Иванов: Специально индийской математикой я не занимался. Известно, что индийцы оперировали большими числами, что математика возникла в Индии в глубокой древности (но испытала на себе в определенный период влияние вавилонской и древнегреческой). Что касается диалектики атомизма и континуализма в практиках, то движение-переход от элементарного-единичного к цельности и наоборот, безусловно, присутствует в Индии повсеместно. Причем последнее часто опосредовано математической, числовой рефлексией. Если говорить о сюжетах, близких теме доклада, то элемент числовой рефлексии наличествует, например, в текстах Абхинавагупты при исчислении длительности актов сознания (в их взаимной соотнесенности) у различных типов живых существ — от людей до существ божественного уровня. Там как раз фигурируют большие числа. Причем все это есть квантование по сути цельной, единой энергии божественного сознания.

Если говорить о числах, о больших числах в индийской культуре, то надо выделить аспекты, так сказать, «практические» и мифологические. Базирующаяся на практических наблюдениях калькуляция присутствует, например, в индийском його-тантрическом дискурсе при подсчете вдохов и выдохов, которые за сутки совершает человек — в текстах приводится точное число 21600. (Есть и более «тонкие» и менее понятные для носителей западной культуры, но, очевидно, также основанные на практике примеры, как, скажем, исчисление точного времени попеременного пребывания энергии-праны в «солнечном» и «лунном» канале в теле человека.) На объективных наблюдениях базируется оперирование большими числами в индийской астрономии. Для практики произнесения мантр также предписывается число с большим числом нулей, обычный минимум — сто тысяч повторений. На мой взгляд, это число условно, но определяется практическими нуждами — просто необходимо достаточно большое количество повторений, чтобы мантра и ее эффекты в полной мере «усвоились» сознанием (как бы сейчас сказали — возникли устойчивые нейронные связи). Когда же, например, в «Бхагавад-гите» говорится о блеске ста тысяч солнц, то здесь большое число — просто поэтическая фигура.
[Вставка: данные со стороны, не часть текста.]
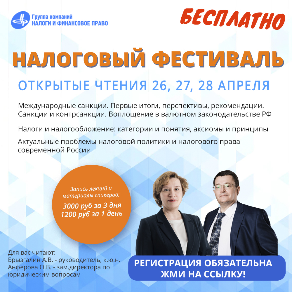 Друзья, регистрация на наш Налоговый Фестиваль в самом разгаре.На данный момент мы подбираем площадку, на которой пройдет лекция 28 апреля.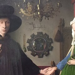 重点展品是《阿尔诺非尼肖像》,创作于1434年,描绘的是布鲁日商人 Arnolfini 和他的妻子肖像,一只棕色宠物犬立于妻子脚边。他们身后的镜子中映出两个人,其中一位被认为是范·艾克本人,Arnolfini 的右手抬起,似乎是在向范·艾克打招呼。镜子上方的拉丁文为范·艾克的签名和这幅油画的创作日期。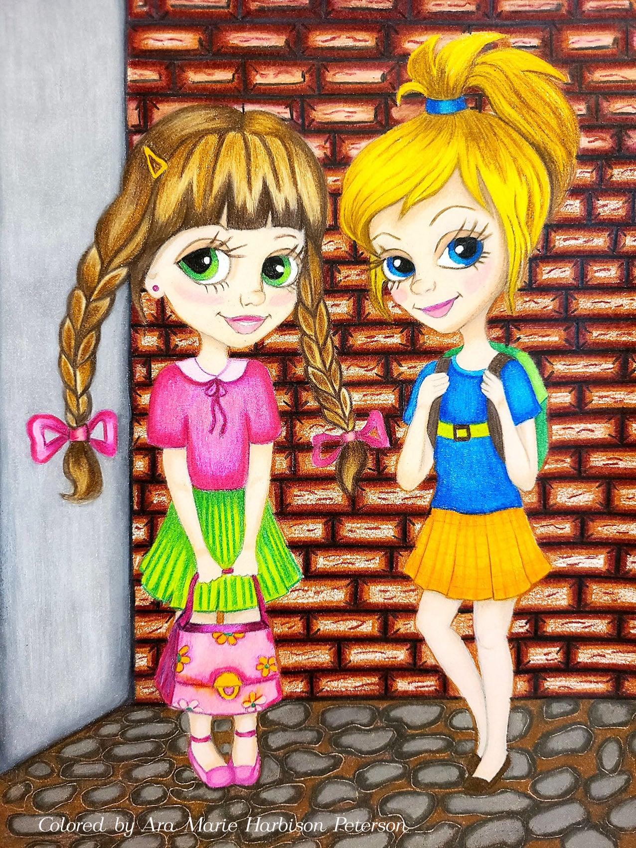 Page de coloriage, les filles retournent à l'école. Camarades d'école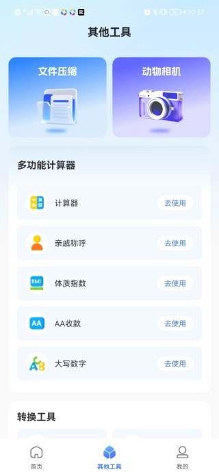 4、其他工具页面提供多功能计算器、文件压缩、动物相机和转换工具等服务。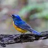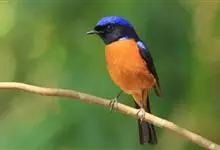 棕腹大仙鹟:体重24-28克,体长15-17厘米,是一种小型的色彩亮丽的鹟。雄鸟上体深蓝,下体棕色,脸黑,额、颈侧小块斑、翼角及腰部亮丽闪辉蓝色。与棕腹仙鹟易混淆,区别在色彩较暗。雌鸟灰褐,…全部>>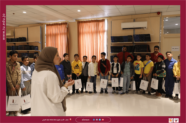 قام وفد من طلبة مدرسة خالد بن الوليد الثانوية للبنين بزيارة علميـة إلى جامعة الإسراء ، وذلك لغايات البحث العلمي لطلبة الثانوي وطلبة الأساسي لغايات تحدي القراءة و التعرف إلى الجامعة وأهدافها والتخصصات العلمية والأكاديمية والإدارية والإنسانية المتاحة ونظام التدريــس فيها.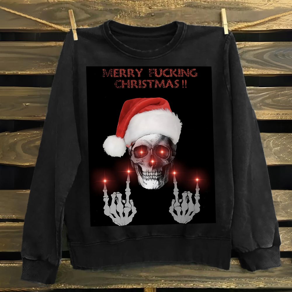 Unisex Cotton Skeleton Santa Posing In Metal Music Classic Gesture Sweatshirt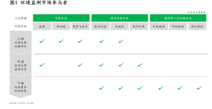 競爭現(xiàn)狀 當前環(huán)境監(jiān)測行業(yè)主要分為三大陣營,分別是外資企業(yè)、國內(nèi)設(shè)備企業(yè)及國內(nèi)第三方運維企業(yè)(如圖1)。外資企業(yè)的業(yè)務(wù)重心在上游,包括監(jiān)測所用到的分析儀器、監(jiān)測儀器的關(guān)鍵部件等;國內(nèi)設(shè)備企業(yè)的業(yè)務(wù)重心在中游,包括集成化的監(jiān)測儀器、監(jiān)測系統(tǒng)等,但有些企業(yè)正逐漸向上下游延伸,提供全產(chǎn)業(yè)鏈服務(wù);國內(nèi)第三方...

Когда, скажем, в текстах говорится, что высота мифической горы Меру (вселенский центр) составляет сто тысяч йоджан, здесь явно сильна мифологическая (восходящая, скажем, к пуранам) компонента. Хотя, даже и в случае с «мифологией», часто встречающиеся в ней большие круглые числа (такие как сто тысяч, сто миллионов и т.д.), как мне кажется, представляют собой сакрализацию в культуре Индии математической операции возведения в степень «ключевого» для десятеричной индийской системы счисления числа десять. (В случае с упомянутым «популярным» числом сто тысяч это будет 10 в степени 5, а пятерка, как известно, также очень значимое для индийского мышления число.)

Бородай: Мой первый вопрос по поводу таттвы. Связана ли таттва с глаголом tan-, «тянуть»?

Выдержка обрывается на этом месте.